*Exercise aim*.
Search the data below, and report every line in which "chocolate" occurs.

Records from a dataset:
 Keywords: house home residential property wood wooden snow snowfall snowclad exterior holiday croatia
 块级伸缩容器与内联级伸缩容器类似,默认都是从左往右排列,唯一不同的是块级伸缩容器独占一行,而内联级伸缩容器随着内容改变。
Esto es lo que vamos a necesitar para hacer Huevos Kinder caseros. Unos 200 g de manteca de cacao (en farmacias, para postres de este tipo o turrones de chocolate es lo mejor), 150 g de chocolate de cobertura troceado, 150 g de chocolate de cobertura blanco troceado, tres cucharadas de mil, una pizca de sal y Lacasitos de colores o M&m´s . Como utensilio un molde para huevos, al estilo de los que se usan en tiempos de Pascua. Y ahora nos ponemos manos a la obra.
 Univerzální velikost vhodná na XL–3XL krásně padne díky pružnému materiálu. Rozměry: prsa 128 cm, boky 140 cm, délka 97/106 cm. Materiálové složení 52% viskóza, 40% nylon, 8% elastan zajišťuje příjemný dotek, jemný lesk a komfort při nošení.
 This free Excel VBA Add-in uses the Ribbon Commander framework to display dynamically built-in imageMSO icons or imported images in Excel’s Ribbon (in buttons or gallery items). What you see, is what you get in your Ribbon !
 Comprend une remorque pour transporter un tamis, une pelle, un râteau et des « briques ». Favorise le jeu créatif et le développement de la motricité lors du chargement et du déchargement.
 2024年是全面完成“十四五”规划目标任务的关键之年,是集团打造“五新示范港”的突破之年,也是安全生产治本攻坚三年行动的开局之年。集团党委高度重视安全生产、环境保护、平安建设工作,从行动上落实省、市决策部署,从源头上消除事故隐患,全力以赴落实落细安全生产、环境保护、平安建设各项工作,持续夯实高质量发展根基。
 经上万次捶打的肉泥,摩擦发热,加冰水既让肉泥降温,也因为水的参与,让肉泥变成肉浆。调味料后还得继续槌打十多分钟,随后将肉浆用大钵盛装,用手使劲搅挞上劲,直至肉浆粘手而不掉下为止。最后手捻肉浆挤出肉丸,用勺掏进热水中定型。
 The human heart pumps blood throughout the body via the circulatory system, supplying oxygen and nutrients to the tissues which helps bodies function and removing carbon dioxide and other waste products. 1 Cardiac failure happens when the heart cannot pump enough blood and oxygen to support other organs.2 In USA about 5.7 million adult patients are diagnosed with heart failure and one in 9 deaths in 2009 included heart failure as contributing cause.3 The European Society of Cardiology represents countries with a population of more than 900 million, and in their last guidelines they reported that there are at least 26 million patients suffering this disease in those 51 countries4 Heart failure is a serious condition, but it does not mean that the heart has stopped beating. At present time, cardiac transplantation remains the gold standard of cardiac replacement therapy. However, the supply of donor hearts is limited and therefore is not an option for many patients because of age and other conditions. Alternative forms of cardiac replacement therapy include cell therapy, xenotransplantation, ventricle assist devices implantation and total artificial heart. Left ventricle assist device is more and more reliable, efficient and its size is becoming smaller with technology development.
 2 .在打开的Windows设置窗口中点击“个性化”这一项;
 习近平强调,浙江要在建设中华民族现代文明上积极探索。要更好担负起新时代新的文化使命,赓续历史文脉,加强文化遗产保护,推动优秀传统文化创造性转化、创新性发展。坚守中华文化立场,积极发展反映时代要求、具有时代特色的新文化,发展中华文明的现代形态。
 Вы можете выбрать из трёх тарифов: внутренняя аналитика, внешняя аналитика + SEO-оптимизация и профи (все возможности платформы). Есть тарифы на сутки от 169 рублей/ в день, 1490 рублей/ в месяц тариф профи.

...

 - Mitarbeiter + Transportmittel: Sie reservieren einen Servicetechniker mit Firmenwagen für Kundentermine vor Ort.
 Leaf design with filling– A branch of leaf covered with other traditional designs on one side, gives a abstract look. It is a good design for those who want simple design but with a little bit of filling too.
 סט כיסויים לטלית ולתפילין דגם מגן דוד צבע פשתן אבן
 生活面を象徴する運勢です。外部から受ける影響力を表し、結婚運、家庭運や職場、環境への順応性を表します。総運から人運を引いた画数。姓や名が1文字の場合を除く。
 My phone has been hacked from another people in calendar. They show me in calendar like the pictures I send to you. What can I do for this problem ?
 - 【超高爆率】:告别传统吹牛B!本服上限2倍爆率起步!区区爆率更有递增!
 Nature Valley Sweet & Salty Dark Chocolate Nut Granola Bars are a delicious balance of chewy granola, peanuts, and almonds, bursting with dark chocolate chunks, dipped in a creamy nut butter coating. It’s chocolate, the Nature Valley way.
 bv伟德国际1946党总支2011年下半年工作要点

*Solved exercise*.
Esto es lo que vamos a necesitar para hacer Huevos Kinder caseros. Unos 200 g de manteca de cacao (en farmacias, para postres de este tipo o turrones de chocolate es lo mejor), 150 g de chocolate de cobertura troceado, 150 g de chocolate de cobertura blanco troceado, tres cucharadas de mil, una pizca de sal y Lacasitos de colores o M&m´s . Como utensilio un molde para huevos, al estilo de los que se usan en tiempos de Pascua. Y ahora nos ponemos manos a la obra.
 Nature Valley Sweet & Salty Dark Chocolate Nut Granola Bars are a delicious balance of chewy granola, peanuts, and almonds, bursting with dark chocolate chunks, dipped in a creamy nut butter coating. It’s chocolate, the Nature Valley way.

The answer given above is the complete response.